**WHAT YOU NEED TO DO**
Every entry must be repeated exactly. Exclude all pictures.

**RECORD EXTRACTS**
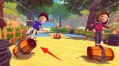 1、障礙挑戰(zhàn)控制卡通角色,在公園場景,通過木桶、輪胎等障礙,考驗平衡與跳躍,適合低齡玩家探索。
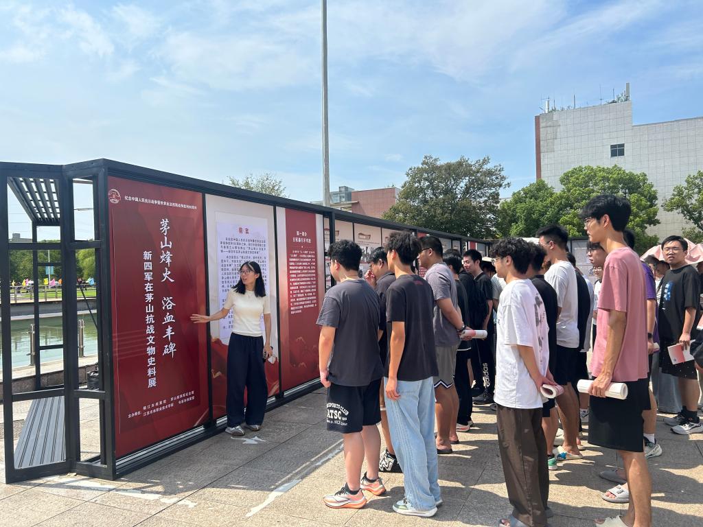 展览围绕“铭记历史、缅怀先烈、珍爱和平、开创未来”主题,精选历史照片、档案文献、实物史料等200余件,系统展现新四军在茅山抗日根据地听党指挥、浴血奋战、军民团结的英雄事迹。马克思主义学院积极组织师生分批观展,通过现场讲解与图文展示,师生们深入了解了新四军艰苦卓绝的抗战历程,深受革命精神感染。
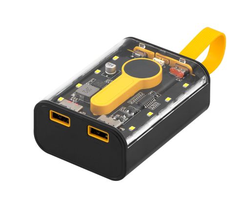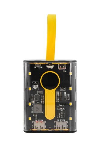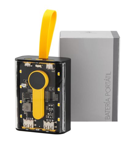 Batería auxiliar para smartphone de 10,000 mAh con 2 puertos de carga USB, 1 puerto tipo C y 1 puerto Micro USB. Fast charger. Incluye display para mostrar el nivel de carga, correa de silicón en la parte superior y caja individual.
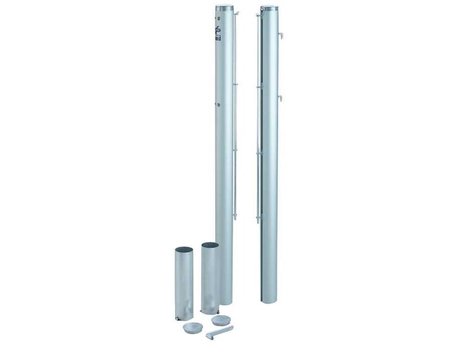 Tennisstuðningar úr áli til notkunar innandyra og utandyra. Tennisstuðningarnar eru úr sterku áli og eru silfuranodiseraðar. Þær eru 83 mm í þvermál og eru með innbyggðum netgróp og lyftistöngum fyrir auðvelda og fljótlega festingu tennisnetsins. Stuðningarnar eru framleiddar samkvæmt ITF reglum og eru GS prófaðar. Þar að auki eru þær framleiddar samkvæmt DIN EN 150 staðlinum. Tennisnet fylgir ekki með.
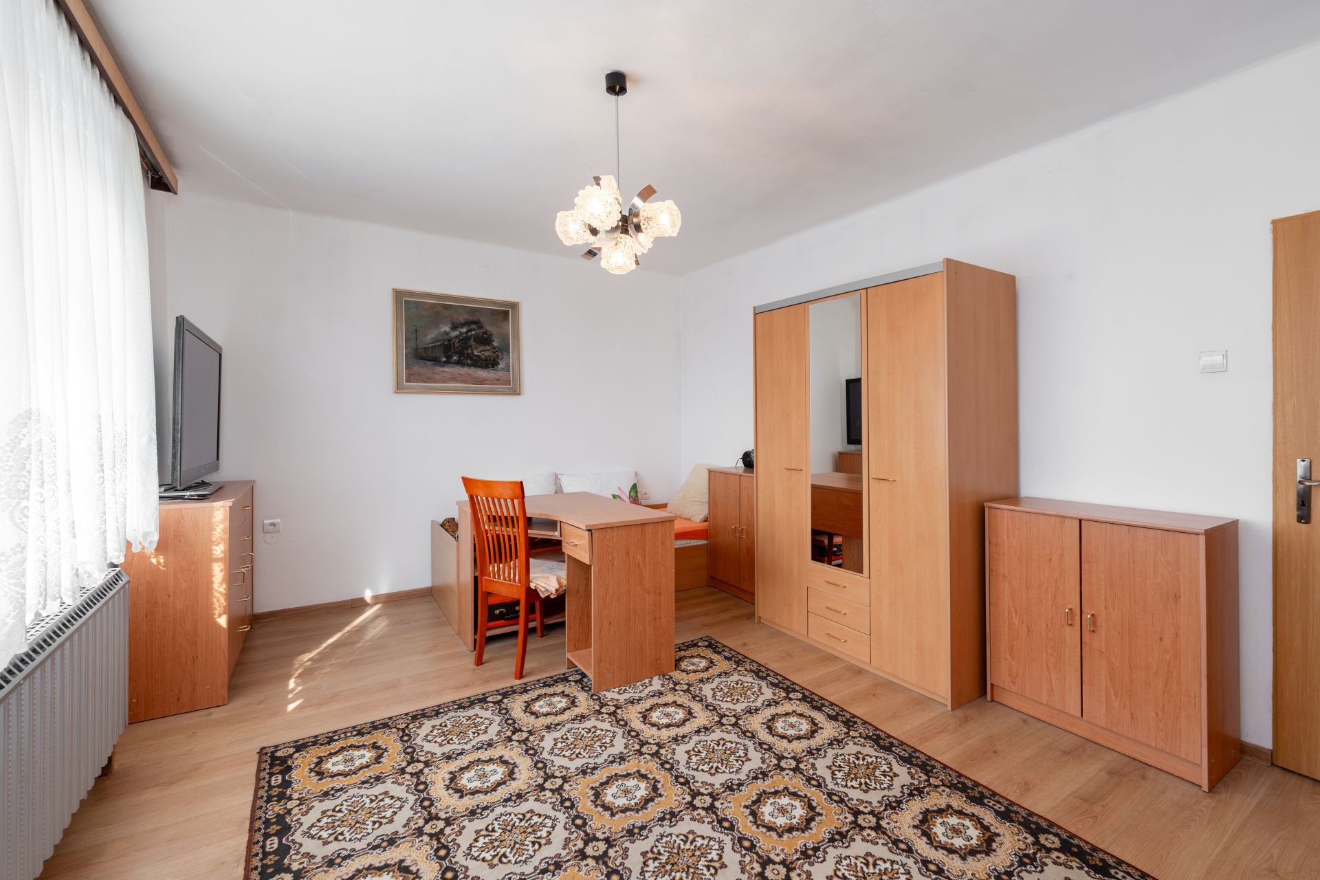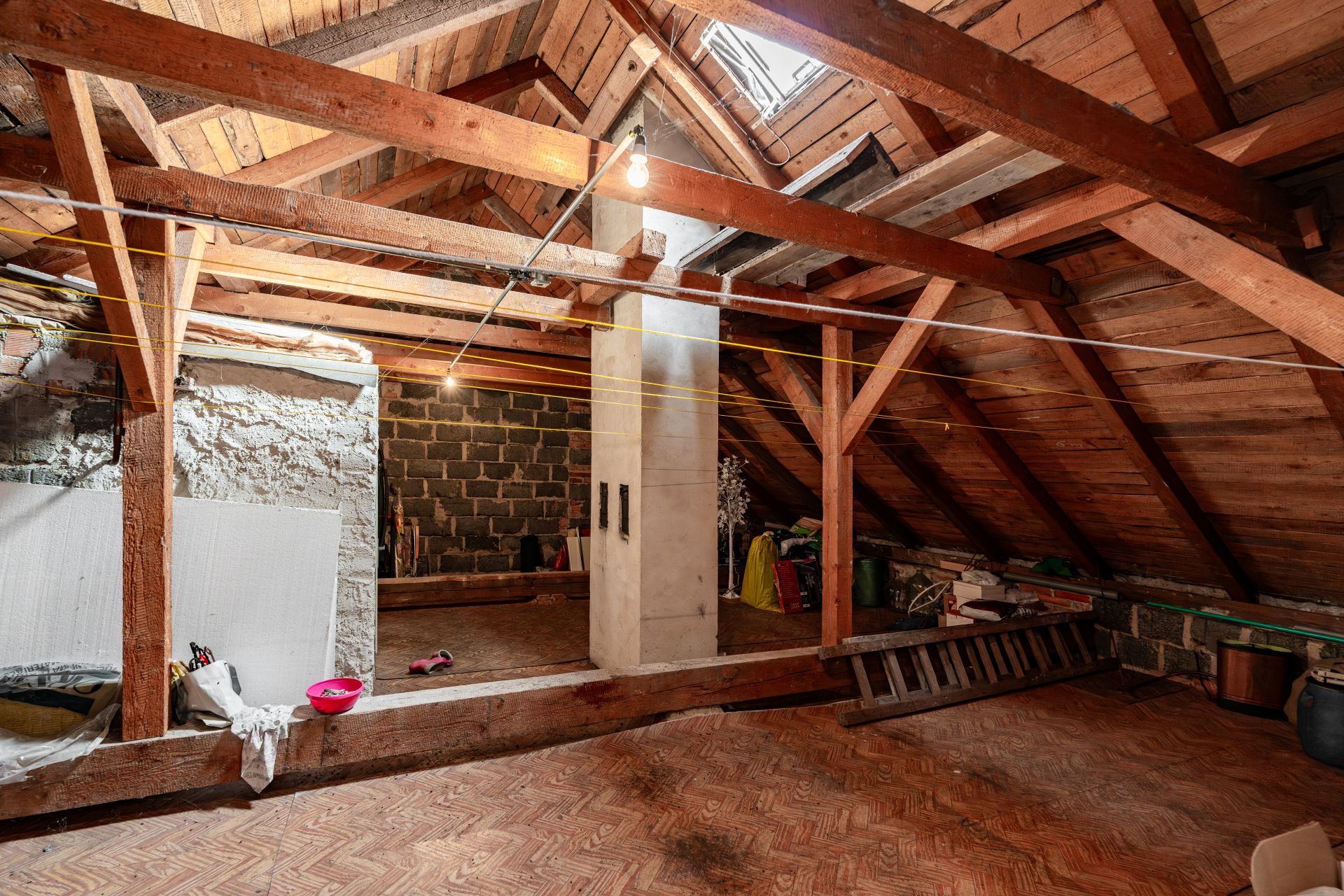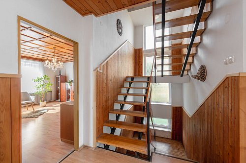 Z patra vede schodiště na pochozí půdu s arkýřovými okny, která dnes slouží jako praktický úložný prostor a sušárna. Tato část domu však představuje významný potenciál pro vestavbu dalších obytných místností, ať už pro pracovnu, hernu nebo pokoje pro hosty, což dále rozšiřuje užitnou plochu nemovitosti a přizpůsobuje ji rostoucím potřebám rodiny. Střecha prošla rekonstrukcí před třemi lety, s použitím kvalitních tašek Bramac, což garantuje dlouhodobou spolehlivost a minimální údržbu.
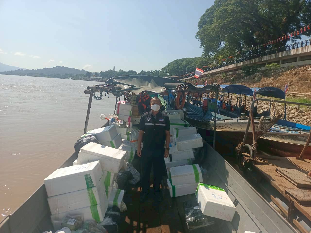 เจ้าหน้าที่ศูนย์บริหารจัดการด่านตรวจประมงเขต 1 (เชียงราย) ตรวจสอบสินค้าสัตว์น้ำส่งออกไปยังสาธารณรัฐประชาธิปไตยประชาชนลาว
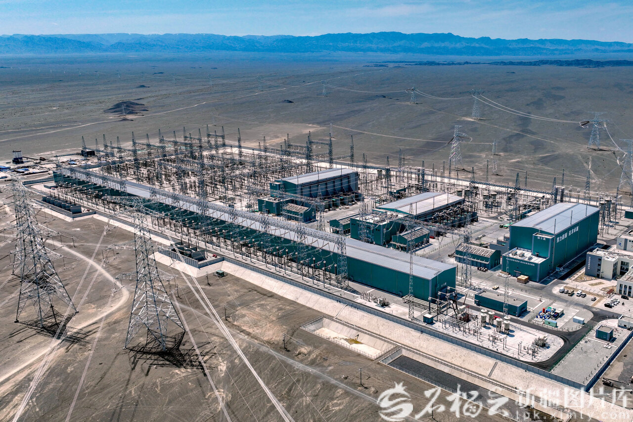 航拍哈密—重慶±800千伏特高壓直流輸電工程巴里坤換流站。天山網(wǎng)-新疆日報(bào)記者 蔡增樂攝
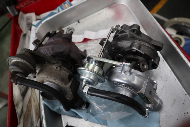 タービンのシャフトにガタが出てエンジンオイルが燃焼してます、
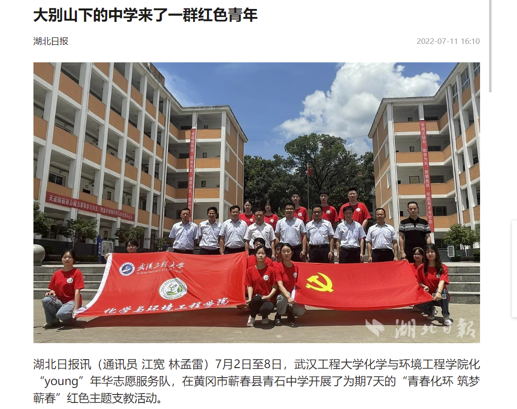 (通讯员 江宽 林孟雷)7月2日至8日,vic115维多利亚化“young”年华志愿服务队,在黄冈市蕲春县青石中学开展了为期7天的“青春化环筑梦蕲春”红色主题支教活动。
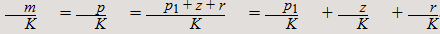 p1 / K, z / K и r / K, каждое само по

**EXERCISE RESPONSE**
 1、障礙挑戰(zhàn)控制卡通角色,在公園場景,通過木桶、輪胎等障礙,考驗平衡與跳躍,適合低齡玩家探索。
 展览围绕“铭记历史、缅怀先烈、珍爱和平、开创未来”主题,精选历史照片、档案文献、实物史料等200余件,系统展现新四军在茅山抗日根据地听党指挥、浴血奋战、军民团结的英雄事迹。马克思主义学院积极组织师生分批观展,通过现场讲解与图文展示,师生们深入了解了新四军艰苦卓绝的抗战历程,深受革命精神感染。
 Batería auxiliar para smartphone de 10,000 mAh con 2 puertos de carga USB, 1 puerto tipo C y 1 puerto Micro USB. Fast charger. Incluye display para mostrar el nivel de carga, correa de silicón en la parte superior y caja individual.
 Tennisstuðningar úr áli til notkunar innandyra og utandyra. Tennisstuðningarnar eru úr sterku áli og eru silfuranodiseraðar. Þær eru 83 mm í þvermál og eru með innbyggðum netgróp og lyftistöngum fyrir auðvelda og fljótlega festingu tennisnetsins. Stuðningarnar eru framleiddar samkvæmt ITF reglum og eru GS prófaðar. Þar að auki eru þær framleiddar samkvæmt DIN EN 150 staðlinum. Tennisnet fylgir ekki með.
 Z patra vede schodiště na pochozí půdu s arkýřovými okny, která dnes slouží jako praktický úložný prostor a sušárna. Tato část domu však představuje významný potenciál pro vestavbu dalších obytných místností, ať už pro pracovnu, hernu nebo pokoje pro hosty, což dále rozšiřuje užitnou plochu nemovitosti a přizpůsobuje ji rostoucím potřebám rodiny. Střecha prošla rekonstrukcí před třemi lety, s použitím kvalitních tašek Bramac, což garantuje dlouhodobou spolehlivost a minimální údržbu.
 เจ้าหน้าที่ศูนย์บริหารจัดการด่านตรวจประมงเขต 1 (เชียงราย) ตรวจสอบสินค้าสัตว์น้ำส่งออกไปยังสาธารณรัฐประชาธิปไตยประชาชนลาว
 航拍哈密—重慶±800千伏特高壓直流輸電工程巴里坤換流站。天山網(wǎng)-新疆日報(bào)記者 蔡增樂攝
 タービンのシャフトにガタが出てエンジンオイルが燃焼してます、
 (通讯员 江宽 林孟雷)7月2日至8日,vic115维多利亚化“young”年华志愿服务队,在黄冈市蕲春县青石中学开展了为期7天的“青春化环筑梦蕲春”红色主题支教活动。
 p1 / K, z / K и r / K, каждое само по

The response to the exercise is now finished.